Aku bangun membantu istriku berbelanja untuk kebutuhan warteg kecil depan rumah
yang kami. Setelah usai bebelanja, kami memasak didapur yang bertungku
kayubakar. Asap mengepul di dapur tanda api sudah panas dan bahan siap dimasak,
kami yakin masakan ini adalah awal rezeki. Sembari istriku memasak aku pergi ke
kebun milik tetangga belakang untuk mencari kayu bakar. Terdengar suara adzan
subuh sudah berkumandang, segera bergegas aku bersiap untuk pergi ke masjid
depan rumah kami. Seuisai kembali dari masjid aku membantu istriku merapihkan
warteg kami, aku bisa karena aku terbiasa melakukannya.
Langit
luar sudah mulai meninggi, ini adalah saatnya aku untuk berjalan keluar mengais
rezeki atas tanggung jawabku sebagai kepala rumah tangga. Kubawa seikat kain
yang tersangkut pada tongkat di pundak kiriku, dan satu tongkat untuk menunjuk
arah. Dari restu dan doa keluargaku aku mulai melangkah dengan Bismillah. Jarak
dari kampungku menuju kota sekitar 2 km. Selama disepanjang jalan aku
meneriakan “Celana pendek... sepuluh ribu sajaa..”. Ada yang memberhentikan
langkahku, terdengar seorang laki-laki yang suaranya masih muda. “Pak saya mau
beli celana” sambil terdengar suara kendaraan yang berhenti di sampingku. Dia
berkata “Bapak jual celana apa?” ditunjukannya celana tersebut, “Harganya
sepuluh ribu saja nak, mungkin kamu membutuhkannya”. Sambil melihat celana
laki-laki tersebut mengerluarkan uang “ini pak saya beli dua” *menyodorkan uang
20rb, 10rb*. Pak Hasim bukanlah orang yang ingin dikasihani “maaf nak, ini
uangnya lebih 10”, dengan muka heran laki-laki tersebut “bagaimana bapak bisa
tahu?, tidak pak ini memang rezeki untuk bapak yang ditipkan pada saya walau
kecil”. Dengan terenyuh mendengar kata-kata laki-laki tadi akhirnya pak hasim
menerimanya “Terimakasih nak, semoga kamu selalu diberi keselamatan”.
Setelah
panjang perjalanan, pak hasim mendengar kumandang lantunan ayat alquran yang
menandakan sebentar lagi adzan zuhur akan berkumandang. Segera bergegas pak
hasim ke masjid, sembari melepas lelah dibukanyalah ikatan dipundaknya. Lalu
dirapihkannya susunan buku agama mulai dari tuntunan shalat hingga alquran.

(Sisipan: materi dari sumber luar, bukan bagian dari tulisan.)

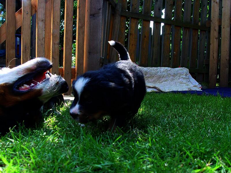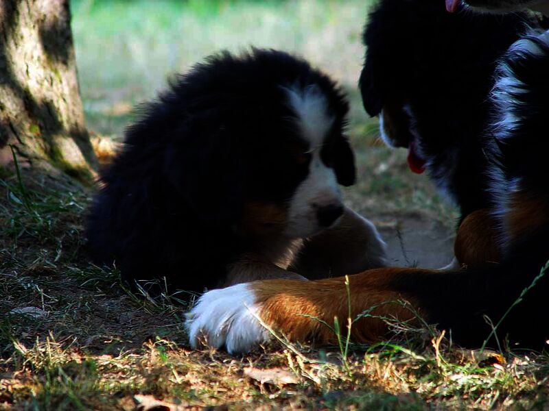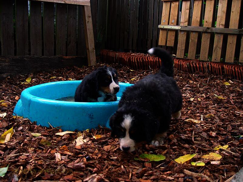 Die Welpen haben unter der Hitze ganz schön gelitten. Tagsüber haben sie viel Zeit mit baden im Planschbecken oder schlafen verbracht. Zu dieser Zeit haben sie überwiegend nachts gefressen und gespielt. Es war auch nicht möglich die Welpen nachts ins Haus zu holen. Diese Versuche wurden mit lautem Protest kommentiert.
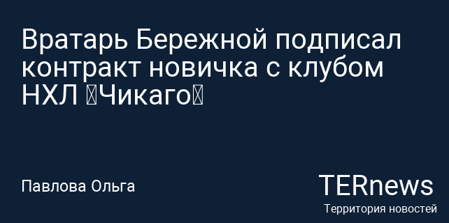 Вратарь Бережной подписал контракт новичка с клубом НХЛ «Чикаго»

Dirinya berharap bahwa ada orang yang tertarik untuk sekedar membacanya walau
tidak membelinya. Baginya membagi ilmu bukan hanya sekedar oleh orang yang
pintar, tetapi dapat meminjamkan buku merupakan sesuatu yang berharga.

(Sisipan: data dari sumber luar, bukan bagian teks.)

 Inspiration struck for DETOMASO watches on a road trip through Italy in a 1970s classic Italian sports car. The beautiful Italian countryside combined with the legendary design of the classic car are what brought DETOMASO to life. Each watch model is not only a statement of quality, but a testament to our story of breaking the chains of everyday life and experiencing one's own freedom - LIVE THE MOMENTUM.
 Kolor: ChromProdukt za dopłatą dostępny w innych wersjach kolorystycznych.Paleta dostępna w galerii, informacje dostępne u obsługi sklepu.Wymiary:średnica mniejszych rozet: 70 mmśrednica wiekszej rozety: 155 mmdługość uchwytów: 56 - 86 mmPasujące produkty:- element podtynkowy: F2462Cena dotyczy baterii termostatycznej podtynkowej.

Beruntunglah hari ini ada beberapa orang yang bersedia membeli bukunya. Adzan
zuhur sudah berkumandang, segeralah dirinya bergegas menaruh buku bacaan
braillenya dan mengambil wudhu.
Setelah
menunaikan kewajibannya, kemudian ia segera bergegas merapihkan buku-buku tadi
dan pergi kembali untuk menjajakan celana pendeknya tersebut. Dirinya tidak mau
menjual buku agama itu secara komersial, karena baginya buku agama ini adalah
untuk dibaca bukan hanya sekedar iba membeli lalu ditumpuk menjadi buku-buku
lama saja. Pak hasim lebih bahagia jika bukunya dibaca, karena alasan itulah
pak hasim tidak ingin menjajakannya jika memang tidak dibutuhkan.
Bersyukur
dengan rezeki yang didapatkanya hari ini, pak hasyim segera pulang kerumah.

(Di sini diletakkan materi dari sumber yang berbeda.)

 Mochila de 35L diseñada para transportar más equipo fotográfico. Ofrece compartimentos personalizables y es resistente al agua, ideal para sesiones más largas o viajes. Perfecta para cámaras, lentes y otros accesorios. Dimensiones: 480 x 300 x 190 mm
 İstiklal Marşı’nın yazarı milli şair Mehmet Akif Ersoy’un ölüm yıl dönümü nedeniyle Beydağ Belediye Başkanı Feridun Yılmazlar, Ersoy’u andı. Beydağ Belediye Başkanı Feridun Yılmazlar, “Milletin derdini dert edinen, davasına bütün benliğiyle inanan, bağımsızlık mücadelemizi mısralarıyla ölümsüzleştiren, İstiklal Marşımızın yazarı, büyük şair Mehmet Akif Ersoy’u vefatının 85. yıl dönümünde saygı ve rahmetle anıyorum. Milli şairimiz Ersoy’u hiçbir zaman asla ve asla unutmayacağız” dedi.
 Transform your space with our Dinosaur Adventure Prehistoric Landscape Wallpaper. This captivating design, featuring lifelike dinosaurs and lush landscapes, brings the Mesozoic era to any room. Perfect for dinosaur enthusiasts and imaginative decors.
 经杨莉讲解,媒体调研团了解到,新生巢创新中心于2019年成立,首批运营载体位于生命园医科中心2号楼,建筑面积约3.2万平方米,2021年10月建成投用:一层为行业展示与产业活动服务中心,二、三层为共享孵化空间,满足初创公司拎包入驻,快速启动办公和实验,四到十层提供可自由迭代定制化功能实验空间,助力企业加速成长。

Sesampainya di rumah dengan melepas letih, anaknya harum membawakannya segelas
air hangat. Pak hasim berbincang dengan anaknya harum mengenai sekolahnya yang
kini duduk di bangku kelas 3 SMA. Pak hasim mengatakan “Harum, bapak sedang
berusaha mengumpulkan uang agar kamu dapat meneruskan sekolah hingga menjadi
seorang sarjana. Jika kamu sukses kamu tidak bodoh seperti bapak. Kamu bisa
mendapatkan pekerjaan yang lebih layak”. Harum menahan matanya yang sudah mulai
berkaca “Harum berusaha pak, agar harum mendapat beasiswa. Harum ingin bapak
dan ibu bahagia saat memeluk harum memakai toga”.
Hari
sudah mulai gelap, ini adalah saatnya pak hasyim keluar untuk menjajakan
titipan dagangan yang ia dapatkan dari sebuah lembaga. Pak hasim menjual
kerupuk ikan dipikulnya berjalan mengelilingi kampungnya hingga ke kampung sebelah.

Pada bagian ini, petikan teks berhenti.